Михаил Елизаров - Библиотекарь
Меня схватили за шиворот, потащили. Я трижды сглотнул воздух. Резко и болезненно включился слух.
Черный силуэт склонился и отчетливо спросил визгливо-бабьим голосом евнуха:
— Фамилия?
Из всего лица виднелся только тонкогубый рот и жирный с ямочкой подбородок. Остальное закрывала маска с поперечной щелью для глаз.
Причин скрытничать не было, и я ответил, скосив глаза на железную боксерскую культю, которой оканчивалась левая рука говорившего:
— Вязинцев.
— Живи, — человек поднялся, и надо мной закачалось темное решето листвы.
— Николай Тарасович, здесь Алексей! — прокричал рядом Луцис.
Удалявшийся человек ловко принял железной перчаткой лязгнувший топор и сам обрушил саблю.
Кто-то закинул меня на плечо и понес. Раскачивалась колоколом земля. Пронзительной сверлящей трелью, словно роженица, верещала женщина. Ползла с перебитым хребтом издыхающая Найда. Звероголовый китобой с расстояния трех метров бросал гарпун. Сухарев с неповоротливым удивлением силился рассмотреть широкое острие, вылезшее вдруг из его спины…
Дежнев втащил меня внутрь автобуса:
— Ты как?
— В порядке… — я упал на сиденье.
Рядом на полу лежала Вероника, с задранным ватником и спущенными до лобка ватными штанами. Она зажимала натрое распоротый низ живота. С каждым вдохом сквозь скрюченные пальцы плескало мутной, почти синего цвета, кровью. Обезумевшая Анна затыкала чудовищную рану тряпичным комом.
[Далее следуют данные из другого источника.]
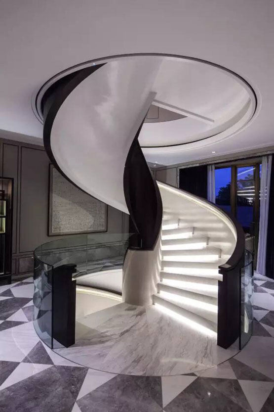 對一個大理石旋轉樓梯的評價人們往往是隨著時間的推移而評價有所不同,從感性的認知出發,原因是初看時往往是首先注重大理石旋轉樓梯的空間彎曲形態、氣度比例協調。其后才著眼于大理石旋轉樓梯所用材料搭配、色澤搭配。最后才去感覺大理石旋轉樓梯的質感和工藝。

Гаршенин пытался заволочь в автобус обмякшего Сухарева. Гарпун, пробивший тело насквозь, застревал в узких дверях, и поникшая Сашина голова вздрагивала от толчков.
Автобус дважды сильно накренило и тряхнуло. Снаружи орали чужие голоса. В окна полетели камни, посыпались осколки. Следом за Гаршениным и Выриным запрыгнул на ступеньку Иевлев.
— Да быстрее же! Быстрее! — надсадно кричал он отставшим широнинцам.
— Садитесь в машину! — сорванным шепотом подсказывал Гаршенин.
Я видел, как остатки двух первых ватаг, словно расслышав совет Гаршенина, загнали деревца под днище «Нивы» и опрокинули ее. Бронированный отряд, тот самый, что умело и жестоко расправился с обряженными в желтое крестьянское лыко ульяновскими терпилами, теснил наших товарищей, не давая пробиться к автобусу.
— Не успевают! — бесновался Вырин.
С каждой секундой они отдалялись — Луцис, волокущий Светлану, Таня, крестящая пространство рапирой. Прощально махнул Кручина, предлагая нам продолжать бегство. Озеров и Дзюба срослись спинами в единый неприступный организм боя, жалящий кайлом и рубящий топором. Дорога свернула, и они исчезли из виду…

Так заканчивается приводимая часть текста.